This seems untrue. For one thing, high-powered AI is in a lot more hands than nuclear weapons. For another, nukes are well-understood, and in a sense boring. They won’t provoke as strong of a “burn it down for the lolz” response as AI will.
Even experts like Yann LeCun often do not merely not understand the danger, they actively rationalize against understanding it. The risks are simply not understood or accepted outside of a very small number of people.
Remember the backlash around Sydney/Bing? Didn’t stop her creation. Also, the idea that governments are working in their nations’ interests does not survive looking at history, current policy or evolutionary psychology (think about what motivations will help a high-status tribesman pass on his genes. Ruling benevolently ain’t it.)
You think RLHF solves alignment? That’s an extremely interesting idea, but so far it looks like it Goodharts it instead. If you have ideas about how to fix that, by all means share them, but there is as yet no theoretical reason to think it isn’t Goodharting, while the frequent occurrence of jailbreaks on ChatGPT would seem to bear this out.
Maybe. The point of intelligence is that we don’t know what a smarter agent can do! There are certainly limits to the power of intelligence; even an infinitely powerful chess AI can’t beat you in one move, nor in two unless you set yourself up for Fool’s Mate. But we don’t want to make too many assumptions about what a smarter mind can come up with.
AI-powered robots without super intelligence are a separate question. An interesting one, but not a threat in the same way as superhuman AI is.
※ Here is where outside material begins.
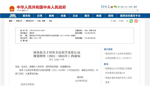 國務(wù)院印發(fā)了《全民科學(xué)素質(zhì)行動規(guī)劃綱要(2021—2035年)》(以下簡稱《科學(xué)素質(zhì)綱要》)指出2035年遠(yuǎn)景目標(biāo):我國公民具備科學(xué)素質(zhì)的比例達(dá)到25%,城鄉(xiāng)、區(qū)域科學(xué)素質(zhì)發(fā)展差距顯著縮小,為進(jìn)入創(chuàng)新型國家前列奠定堅實社會基礎(chǔ)。2020年公民具備科學(xué)素質(zhì)的比例為10.56%,即到2035年我國公民科學(xué)素質(zhì)總數(shù)要增加14.44%。
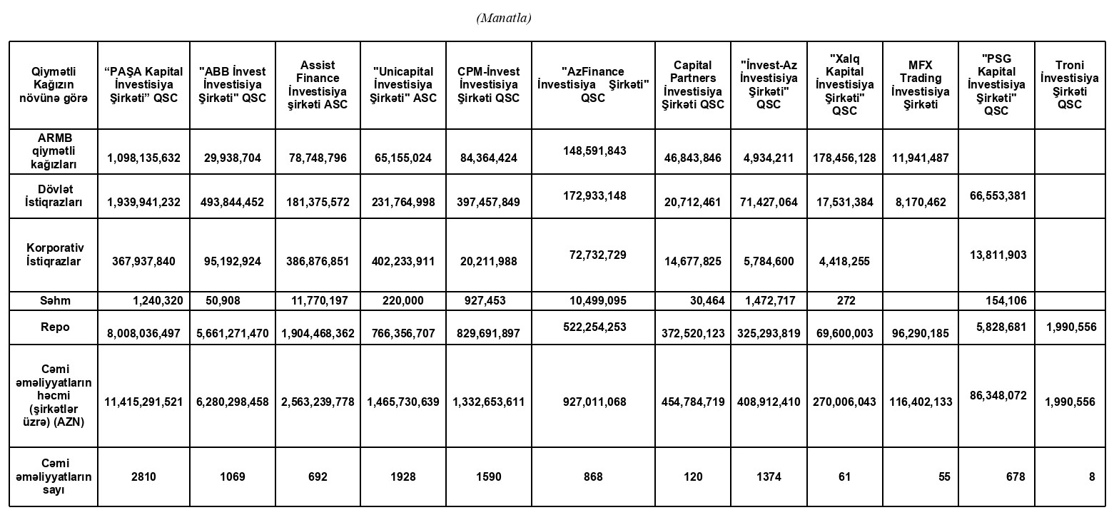 Azərbaycanın investisiya şirkətlərinin dövriyyələri açıqlandı

Ever seen an inner city? People are absolutely shooting each other for the lolz! It’s not everyone, but it’s not that rare either. And if the contention is that many people getting strong AI results in one of them destroying the world just for the hell of it, inner cities suggest very strongly that someone will.
The AI in hands of many humans is safe (relatively to its capabilities), the AI that might be unsafe needs to be developed independently.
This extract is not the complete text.